The title is nothing more than Euclidean space merged with the dimension of time. In other words, your familiar three physical dimensions and one time dimension. I realized something with this space (maybe it's true) just now. You CANNOT have physical degeneracy since the dimension of time lifts any sort of degeneracy you might see in statics. By physical degeneracy I mean one cannot have the same physical value for one instant and another instant.

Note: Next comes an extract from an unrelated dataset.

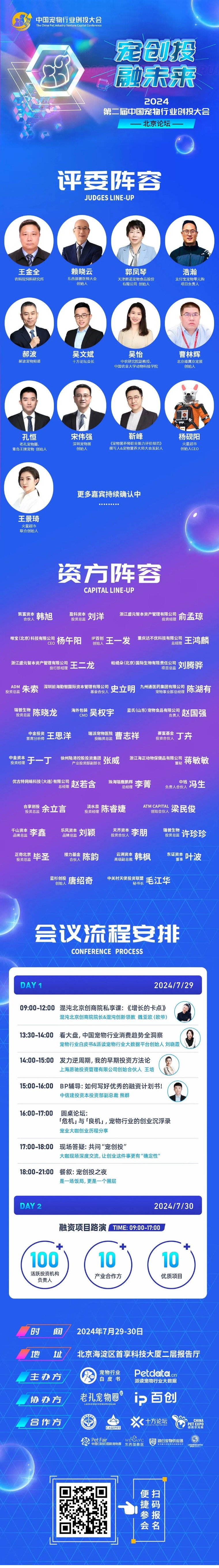 面对创业不确定性的环境和复杂的市场变化,单一的个体往往很难独善其身。为助力企业穿越成长周期,7月29日~30日,由中国宠物行业创投大会组委会发起,宠物行业白皮书及派读宠物行业大数据平台主办,老孔宠物圈协办,中国兽医协会、雄鹰京宠展、深圳国际宠物展、东西部兽医平台、润合供应链、山东省宠物行业协会等支持的2024年第二届中国宠物行业创投大会——北京论坛升级归来,将于北京首享科技大厦正式举办。

Consider something traveling on a ring. If we set this ring in Euclidean space (x,y,z), say on the x-y plane and start our something object at (x=R, y=0), where the radius of the ring is R, then if we think about the points in this 3D space where our something will can be, then we are (in this case) stuck on the ring. So, our something can start at (x=R, y=0) and rotate about the ring and be back where it started even after tracing out the shape of the ring. Physically, our something doesn't know the difference between the cylindrical coordinates (an inbreed from Euclidean space, instead of (x,y,z) defining a point in space we use (s,@,z) where z is equivalent to the z in Euclidean space, s is the distance from the z axis, and @ gives us the rotation about the z axis...really @ is denoted by the Greek letter theta, but I don't have a theta key or option) (s=R,@=0,z=0) and (s=R,@=360E,z=0) (E being degrees). With the help of cylindrical coordinates, we can see that we've made a full rotation, but we're in the same spot! This causes the degeneracy of our physical space. But in the Minkowski space, we have time to consider. Our coordinate in this space is denoted by (x,y,z,t). At the beginning of our something's rotation, it's at (x=R,y=0,z=0,t=0), but after making a full rotation, we now have (x=R,y=0,z=0,t=T). Clearly, these two state coordinates are not equivalent, and thus there is no more degeneracy. In other words, our something was someplace, then some time passed. During this time, our something could move or stay put, but it's state is always unique!

This is really somewhat of a trivial bit of information, but it was fun to think about since I just read that Minkowski space is Euclidean space tensored with the time dimension. Also, this degeneracy business is really fascinating when applied to other systems and spaces.